Forse, se vado di fretta. Sento di dover rimediare. La pazienza. Io sorrido. Ho preso in mano un rasoio. La ruvidità della polvere. Era una bugia. Non guardarmi. Ho trovato una bambina, a casa sua. Sono guarita. Posso disegnarti?

Io vado sempre di fretta. Solo così sento di poter rimediare; non so bene a che cosa.

Mi chiamo Mirna, e con la sensazione di dover rimediare ci sono nata. È inevitabile quando si viene al mondo e si è fatti come me, ma sono contenta anche così.

Sono felice, e questo disturba tutti quelli che non lo sono. Che sono tanti, ma tanti.

Non si può non essere felici quando si scampa a una malattia, e io sono guarita e per questo, per tutta la vita, non potrò fare altro che festeggiare. So anche che, se fossi morta, non sarebbe dispiaciuto a molti. Ma io sorrido lo stesso.
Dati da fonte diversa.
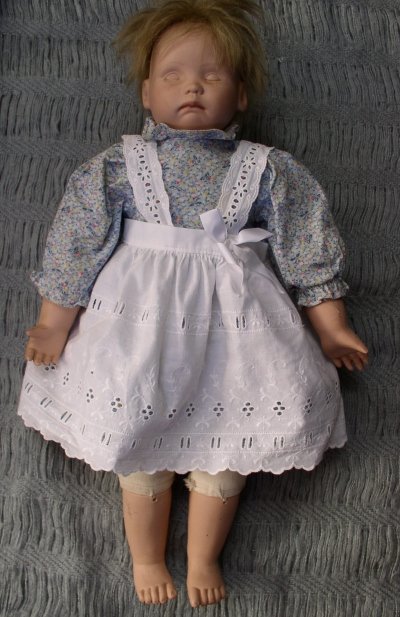 Lalka kolekcjonerska na metce napis original GLOREX na główce napis,ostatni człon SYSA.Lalka śpiąca z jasnymi rzęsami.Włoski miękkie,blond.Główka,końcówka nóg i rąk z porcelany.Tułów razem z nogami z materiału,wypełnienie miękkie.Brak spodenek.Ubrana w sukieneczkę i fartuszek.Stan ogólny dobry+.Wysokość 50 cm.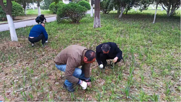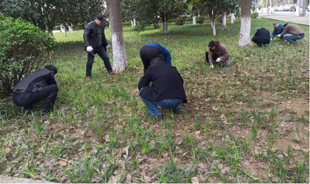 后勤保障部副主任柳卫国、谷凯带领后勤保障部党支部全体党员深入中办公楼西南角校园草坪和绿化带,带领大家亲手拔出杂草,捡拾草坪中的石块等废弃物,为绿化美化校园环境出一份力,获得了路过师生的一致点赞和好评。

Mi sono ammalata, non molto tempo fa, e mi sono caduti i capelli. Per non sentirli scivolare, a ciocche lagnose, dalla testa, una mattina ho preso in mano un rasoio e ho anticipato la vita. Da allora, anche se sono passati quattro anni, non ho mai smesso di farlo. Ed ecco il mio look di oggi, tutto stonato: per metà della testa porto i capelli rasati, come un Marine, per l’altra sono lunghi, con qualche schiribizzo.

La mia pettinatura è una cosa che mi piace: una cosa che mi aiuta a sentirmi le spalle grosse.

Il mercoledì vado a fare le pulizie a casa di Teresa. Succede così, a volte, quando le perone non hanno un titolo di studio.

Però ho letto tutta Agatha Christie. Tutta: anche il teatro, intendo. E un giorno leggerò anche i suoi romanzi rosa, quelli che nessuno conosce, perché li ha scritti con un nome diverso; a volte è un problema essere per come si è, se tutti credono che tu sei fatto in un determinato modo.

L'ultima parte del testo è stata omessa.